Историческая проза / Современная русская и зарубежная проза
Адмирал Колчак. «Преступление и наказание» Верховного правителя России
Адмирал Колчак. «Преступление и наказание» Верховного правителя России

Споры об адмирале Колчаке не утихают вот уже почти столетие – одни утверждают, что он был выдающимся флотоводцем, ученым-океанографом и полярным исследователем, другие столь же упорно называют его предателем, завербованным британской разведкой и проводившим «белый террор» против мирного гражданского населения.В этой книге известный историк Белого движения, доктор исторических наук, профессор МГПУ, развенчивает как устоявшиеся мифы, домыслы, так и откровенные фальсификации о Верховном правителе Российского государства, отвечая на самые сложные и спорные вопросы.

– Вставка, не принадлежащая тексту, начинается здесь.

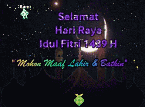 Animated greeting card wishing Selamat Hari Raya Idul Fitri 1439 H, with a message of forgiveness.
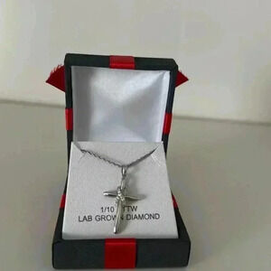 1/10 CT. T.W. Lab Grown White Diamond Sterling Silver Cross Pendant Women’s Necklace. Orig box included. Gently used, excellent condition.
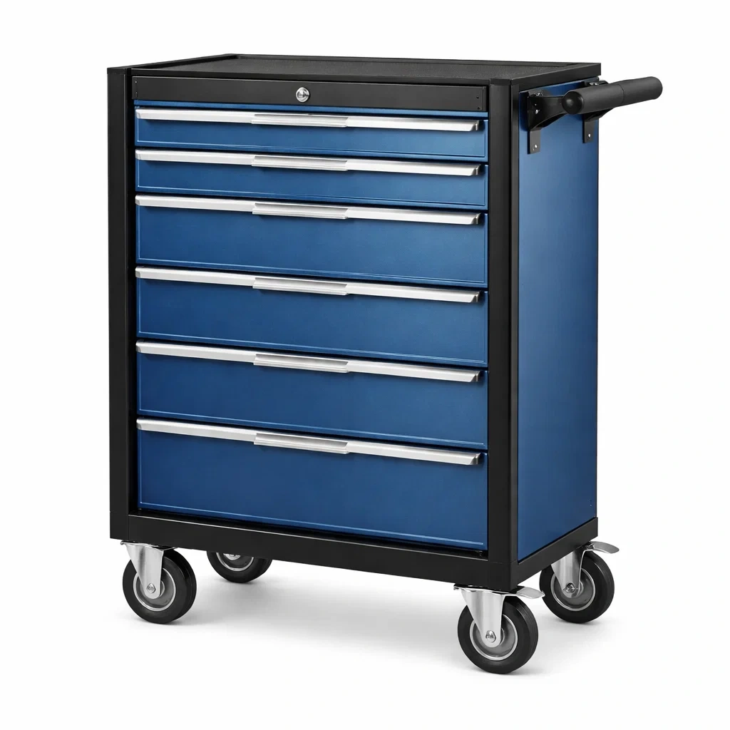 Chariot en métal robuste avec finition anti-rouille, comprenant 6 tiroirs pour une organisation efficace des outils.
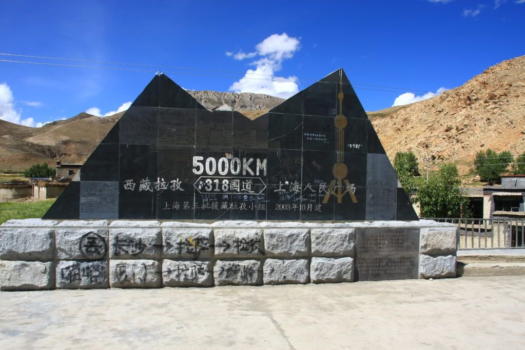 往珠峰的路出发了,这条路可以从上海到尼泊尔,还是一座5千公里的纪念牌给曼联四子看看.
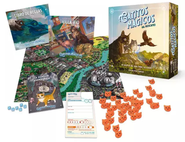 Gatitos Mágicos ¡al rescate! es un juego de rol sencillo, rápido, divertido... y perrrfecto para pequeños y mayores. Esta caja contiene todo lo necesario para introducir a tus humanos favoritos en el mundo de los juegos de rol, incluyendo un cómic-aventura para aprender las reglas básicas en unos pocos minutos.

Как произошел переворот 18 ноября 1918 года в Омске, после которого военный и морской министр Колчак стал не только Верховным главнокомандующим Русской армией, но и Верховным правителем? Обладало ли его правительство легальным статусом государственной власти? Какова была репрессивная политика колчаковских властей и как подавлялись восстания против Колчака? Как определялось «военное положение» в условиях Гражданской войны? Как следует классифицировать «преступления против мира и человечности» и «военные преступления» при оценке действий Белого движения? Наконец, имел ли право Иркутский ревком без суда расстрелять Колчака и есть ли основания для посмертной реабилитации Адмирала?